Danish pension fund manager PKA reported a 5.3% return on investments for 2020, below its 7% average over the last 10 years, saying its infrastructure and real estate investments lent an element of stability to the portfolio when equity markets were at their most volatile.
The firm, which manages around DKK330bn (€44.4bn) for four labour-market schemes, said in today’s investment results announcement that in absolute terms, the return on investments came in at DKK14.4bn.
Michael Nellemann Pedersen, PKA’s CIO, said: “We focus on being able to create a stable return for our members, even when the markets move a lot, as they did in 2020.
“So it is satisfying that we have been able to maintain our investment strategy, even when the declines in the listed markets were at their greatest,” he said.
The provider was also well positioned to continue making good and stable long-term returns, he said.
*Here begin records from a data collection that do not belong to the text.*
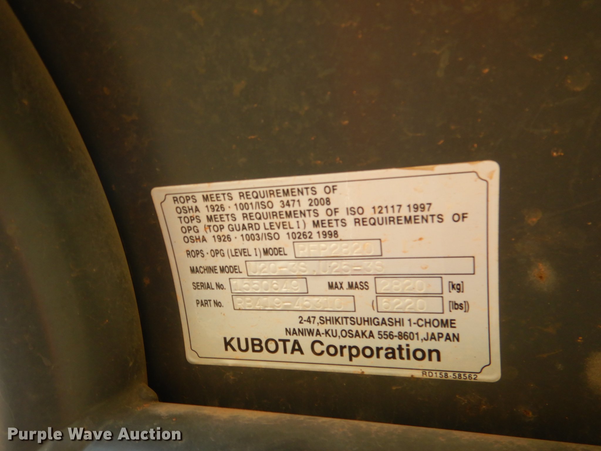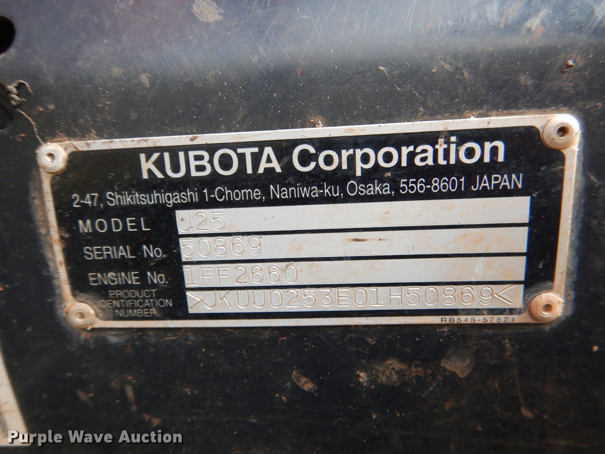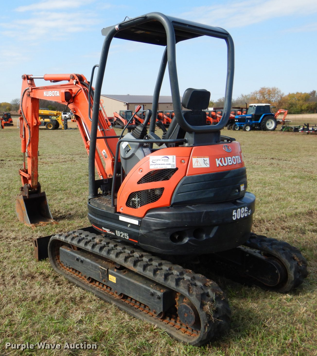 Purple Wave is selling a used Mini Excavator in Oklahoma. This item is a 2015 Kubota U25S mini excavator with the following: 650 hours on meter, Kubota D1105 1.1L three cylinder diesel engine, Serial 1FF2660, Two speed hydrostatic transmission, OROPS, Pattern changer, Front and rear work lights, 58"W backfill blade, Standard boom, Auxiliary hydraulics, Hydraulic quick coupler, 16"W bucket, (3) weld-on teeth, 11"W rubber tracks, Serial 50869, Unit# 50869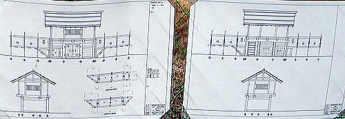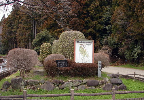 ![]() 史跡整備事業の案内板 復元する城門のイラスト ![]() (現地説明板より) |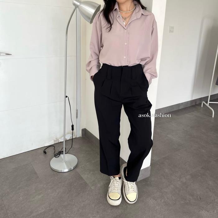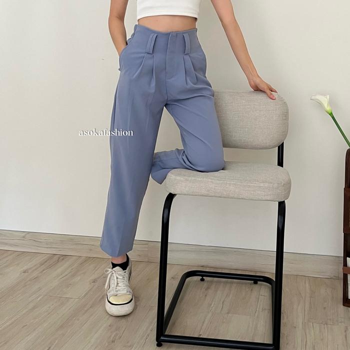 Murah Asoka - Gretta Pants 779 - Ankle Pants - Celana Kantor Wanita - Petite Pants Nyaman Panjang - Black Elegan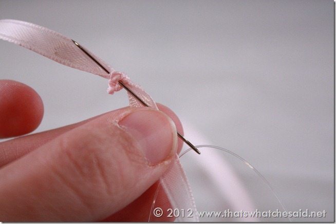 Passe o fio de nylon pela agulha de mão e passe a agulha no meio do nó feito na fita.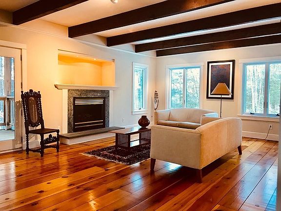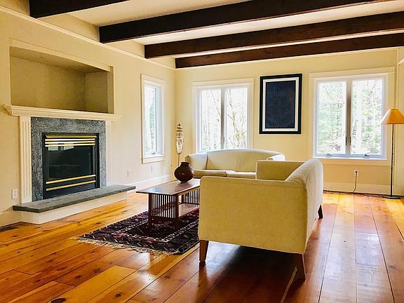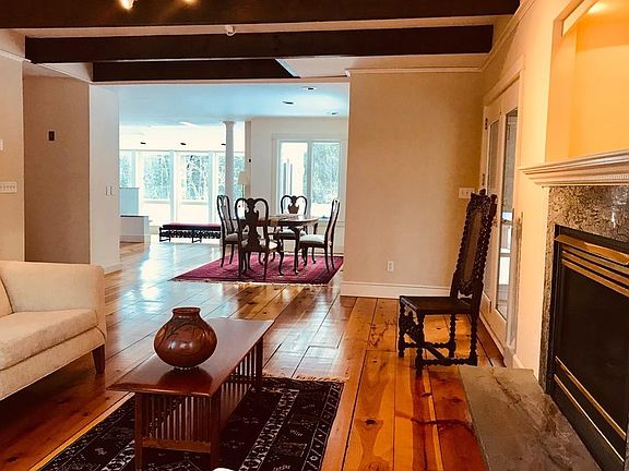 Warm and welcoming, this handsome Contemporary will not disappoint! Tucked on a 1 acre open lot which abuts conservation land and hiking trails, this desirable home offers an open floor plan including a spacious living room with fireplace, dining area, kitchen with stainless steel appliances and sun room. The private library or den has french doors which offers a nice separation from the rest of the house. First floor 1/2 bath with laundry a plus. Master bedroom with bath, 3 BR's and full bath are on the second floor. Minutes from Amherst center and close to major routes - a great location. Amenities are many and include hardwood floors, built-ins,large deck,screened porch, 2 car garage and much more. An A+ location!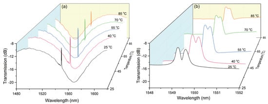 Then, the sensor head was placed into a high-accuracy column oven to characterize its thermal performance. The temperature precision of this oven is 0.1 °C. A tiny tension was applied at both ends of the sensor head to keep it straight and then the temperature was increased from 25 °C to 85 °C with the step of 5 °C. The corresponding transmission spectra of the Sagnac interference and Bragg grating were recorded and illustrated in Figure 8a,b, respectively. As shown, the interference spectrum shifts to shorter wavelengths with the increment of temperature, while the Bragg peaks shift to longer wavelengths. Moreover, the gap between two Bragg peaks decreased apparently in the process of rising temperature. It means that the phase birefringence of the SAL PMF tends downwards when fiber temperature goes upwards. Similarly, the variation of interference wavelength () is related to fiber’s thermal expansion and the birefringence change caused by thermo-optic effect, , where is the thermal expansion coefficient and is the equivalent thermo-optic coefficient of birefringence. As illustrated in Figure 8b, two FBG peaks goes closer with increasing temperature. It indicates that the difference between the effective refractive indices of two polarized modes (i.e., phase birefringence) becomes smaller and the equivalent thermo-optic coefficient of birefringence should be negative. Although is positive, the thermo-optic effect induced birefringence variation contributes dominantly to the shift of interference fringe []. Therefore, the negative response of the interference dip to temperature, shown in Figure 8a, can be well explained.

PKA singled out listed shares and unlisted investments in small and medium-sized firms as two asset types that had contributed the overall 2020 return.
Last November, the pension fund announced it was investing DKK22bn in private equity over the next three years, via a fund set up by its subsidiary Institutional Investment Partners Denmark (IIP Denmark), to invest in unlisted small and medium-sized companies.
PKA said in the results statement today that its strategy for diversification across a wide range of asset classes had helped it to avoid very large losses as a result of COVID-19.
“Investments in infrastructure such as wind turbines and solar cells as well as real estate investments provided stability in the portfolio, when fluctuations on equity markets were at their greatest,” the pension fund company said.
The firm, whose four pension fund clients primarily serve employees in Denmark’s health and social care sectors, also said it had reached its goal of DKK30bn in green investments in 2020, corresponding to 10% of its total assets.
Nellemann Pedersen said this figure would continue to increase in years to come.